The simplest possible indexing strategy is this: keep an in-memory hash map where every key is mapped to a byte offset in the data file-the location at which the value can be found, as illustrated in the following figure. Whenever you append a new key-value pair to the file, you also update the hash map (this works for both insertion and updation of keys). When you want to look up a value, use the hash map to find the offset in the data file, seek that location, and read the value. This is simplistic, but the *BitCask (*storage engine in Riak) does this underneath the hood.

As described so far, we are only ever appending to a file-so how do we avoid eventually running out of disk space? A good solution is to maintain segments of a certain size and making subsequent writes to a new segment file. We can then perform compaction on these segments, as below. Compaction means throwing away duplicate keys in the log and keeping only the most recent update for each key.

SSTables and LSM-Trees

In the previous figure, we had a log-structured storage segment which is a sequence of key-value pairs. Now we can make a simple change to the format of our segment files: we require that the sequence of key-value pairs is sorted by key. At first glance, that requirement seems to break our ability to use sequential writes, but we’ll get to that in a moment. We call this format Sorted String Table, or SSTable. We also require that each key only appears once within each merged segment file (the compaction process already ensures that). SSTables have several big advantages over log segments with hash indexes:

1. Merging: segments is simple and efficient, even if the files are bigger than the available memory. The approach is like the one used in the mergesort algorithm.

To find particular key, you no longer need to keep an index of all the keys in memory. Say you’re looking for the key handiwork, but you don’t know the exact offset of that key. However, you do know the offsets for the keys handbag and handsome. This means you can jump to the offset for handbag and scan from there until you find handiwork (or not, if the key is not present in the file).

Constructing and Maintaining SSTables

Fine, you've built SSTables, but how to sort the data based on the keys in the first place? Incoming writes can occur in any order.

Maintaining a sorted structure on disk is possible , but in memory is much easier. There are many tree data structures that you can use, such as red-black trees or AVL trees. With these data structures, you can insert keys in any order and read them back in sorted order. We can now make our storage engine work as follows:

• Upon a write, add it to an in-memory balanced tree data structure. This in-memory tree is sometimes called a memtable.

• When the memtable gets bigger than some threshold-typically a few megabytes —write it out to disk as an SSTable file. The new SSTable file becomes the most recent segment of the database. While the SSTable is being written out to disk, writes can continue to a new memtable instance.

• In order to serve a read request, first try to find the key in the memtable, then in the most recent on-disk segment, then in the next-older segment, etc.

• From time to time, run a merging and compaction process in the background.

Making LSM-Trees out of SSTables

Originally this indexing structure was described under the name Log-Structured Merge-Tree (or LSM-Tree), building on earlier work on log-structured filesystems. Similar storage engine is used in Cassandra and HBase, both of which were inspired by Google’s Bigtable paper (which introduced the terms SSTable and memtable).

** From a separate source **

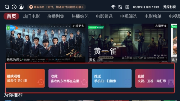 4、热门推荐:每天推荐最新最热门的视频,秀探影视直接点播观看

Even though there are many subtleties, the basic idea of LSM-trees - keeping a cascade of SSTables that are merged in the background - is simple and effective. Even when the dataset is much bigger than the available memory it continues to work well. Since data is stored in sorted order, you can efficiently perform range queries (scanning all keys above some minimum and up to some maximum), and because the disk writes are sequential the LSM-tree can support remarkably high write throughput.

B-Trees

The log-structured indexes we have discussed so far are gaining acceptance, but they are not the most common type of index. The most widely used indexing structure is quite different: the B-tree.

Like SSTables, B-trees keep key-value pairs sorted by key, which allows efficient key-value lookups and range queries. But that’s where the similarity ends: B-trees have a very different design philosophy.

The log-structured indexes we saw earlier break the database down into variable-size segments, typically several megabytes or more in size, and always write a segment sequentially. By contrast, B-trees break the database down into fixed-size blocks, traditionally 4 KB in size (sometimes bigger), and read or write one page at a time. This design corresponds more closely to the underlying hardware, as disks are also arranged in fixed-size blocks.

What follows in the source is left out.